E-signatures are gaining popularity among remote workforces thanks to COVID-19, but the best solution requires more research than just putting a signature on a PDF. Read on for some e-signing considerations.
With people located far away from their usual offices, it creates logistical problems that can be frustrating and annoying to solve.
For example, have you ever had to send a document via fax just so it had your signature? Not fun, is it? (Also worth considering on a frustration angle: sending those same documents through the mail.)

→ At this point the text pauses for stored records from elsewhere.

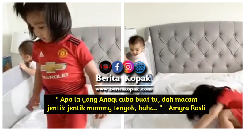 Dalam video tanpa suara ini, Anaqi menunjukkan berbagai-bagai gelagat yang mencuit hati. Aktif bergerak ke sana sini sehinggakan akh1rnya Anaqi tergolek juga jat0h katil. Kapsyen Amyra sendiri melucukan apabila menulis melihat Anaqi seperti jentik-jentik.
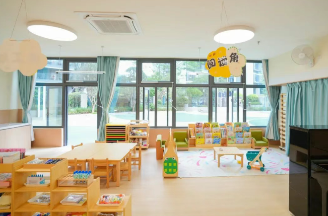 南城阳光第四幼儿园,坐落于南城核心地带 园所占地3600㎡,户外活动面积占比74.5%(2682.65㎡),成为南城幼儿园的“运动担当”之一,幼儿园整体设计充满童趣,色彩明快、线条流畅,走进园区 仿佛进入,一座专属孩童的“迷你城市”。专业儿童运动场上,大型攀爬架、平衡木阵、沙水共生区组成“体能挑战基地”,为孩子们提供尽情奔跑、探索的天地。幼儿园将“智慧”与“童趣”自然融合,12间标准教室,配备一体机教学屏+钢琴+空调,实木桌椅圆角防撞,同时绘本架伸手可及,根据幼儿的年龄特点精心挑选书籍,打造舒适、现代化的成长环境。
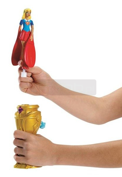 Obudź w sobie superbohaterkę i poszybuj w powietrze z tą figurką i wyrzutnią DC Super Hero! Zamontuj figurkę w poręcznej wyrzutni, pociągnij za sznurek i patrz, jak Supergirl wzlatuje w powietrze! Wystrzelona figurka wiruje z zawrotną prędkością, zupełnie jak w animowanej serii DC Super Hero Girls! Ubrana w swój rozpoznawalny kostium superbohaterki mknie na kolejną misję niezwykle efektownie. Z bohaterkami DC Super Hero szkolne obowiązki stają się wielką przygodą! Opakowanie zawiera figurkę Supergirl wraz ze złotą wyrzutnią.
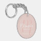 This keychain features personalised bridesmaid's name in white modern script font style and monogram in blush pink modern script font style as background with title and wedding date in white modern sans serif font style on blush pink background.
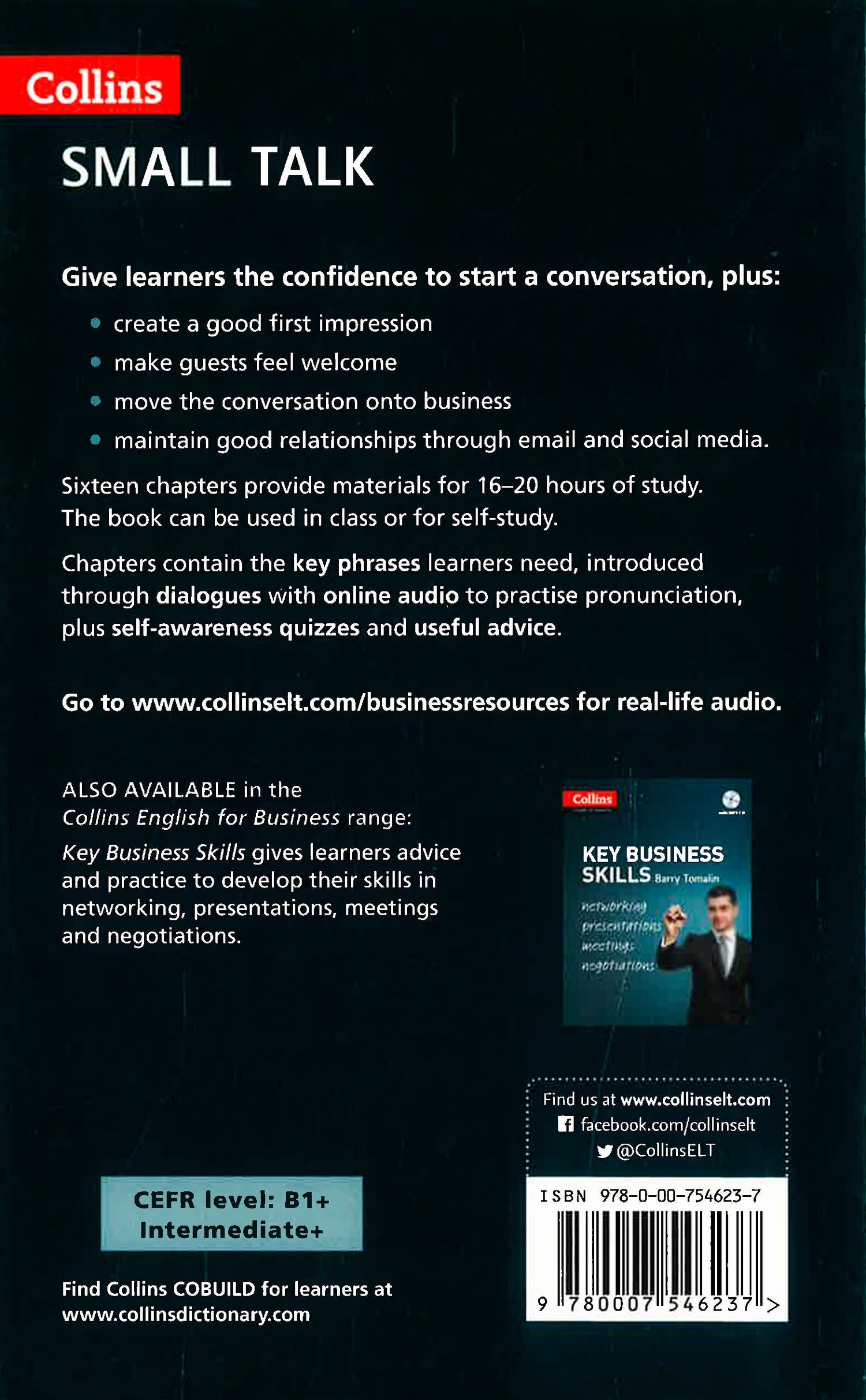 Build key business relationships Collins Small Talk gives you the confidence to start a conversation and transition into bigger conversation topics so that you are able to build relationships, develop business partnerships and be successful in business. Learn the language to:* Meet people for the first time* Greet people in subsequent meetings* Show and receive hospitality* Deal with remote communication* End a conversation The book includes information on best practice and key phrases for students to refer to and practise saying out loud using online audio. Online audio also includes good and bad examples of authentic recordings of small talk for learners to listen to and assess. Suitable for students whose level of English is Intermediate / CEF level B1 and higher. Small Talk is part of Collins' English for Business range of materials to help business people who need to use English frequently in their work. It is designed for people who are about to or already work for a foreign or multinational company, deal with overseas customers or travel for business. Other titles in the Collins English for Business range:Reading * Writing * Listening * Speaking * Key Business Skills * Business Grammar & Practice * Business Vocabulary in Practice * Effective International Business Communication

Perhaps it’s for this reason that digital signatures are gaining popularity as an alternative to a paper-heavy process. Some are even calling it “the norm” for the COVID-19 era. Is your association a part of that norm?
If not, here are a few insights for would-be document signers:
Consider the many benefits. Beyond helping you avoid the fax machine as necessary, e-signatures allow for a simplified user experience, along with easier ways to track different versions and the ability to avoid extra weight. It can also do wonders for customer relations, notes Piper Thomson at G2 Learning Hub. “While it might seem that something as simple as an electronic signature is not a vital element of cutting-edge business operations, the integration of software into most aspects of life has given rise to the trend of putting control in the hands of the consumer,” he writes. “Putting convenience and quality of life first will pay huge dividends when it comes to funneling your prospects through your sales pipeline and retaining customers.”
Know the differences. Simply signing a paper with a signature you drew with your trackpad may be enough for some, but when security elements are a part of the equation, it may be a better choice to get a digital signature, which adds cryptographic and encryption features to the signed document. The Cybersecurity & Infrastructure Security Agency has an article thoroughly explaining the difference between electronic and digital signatures.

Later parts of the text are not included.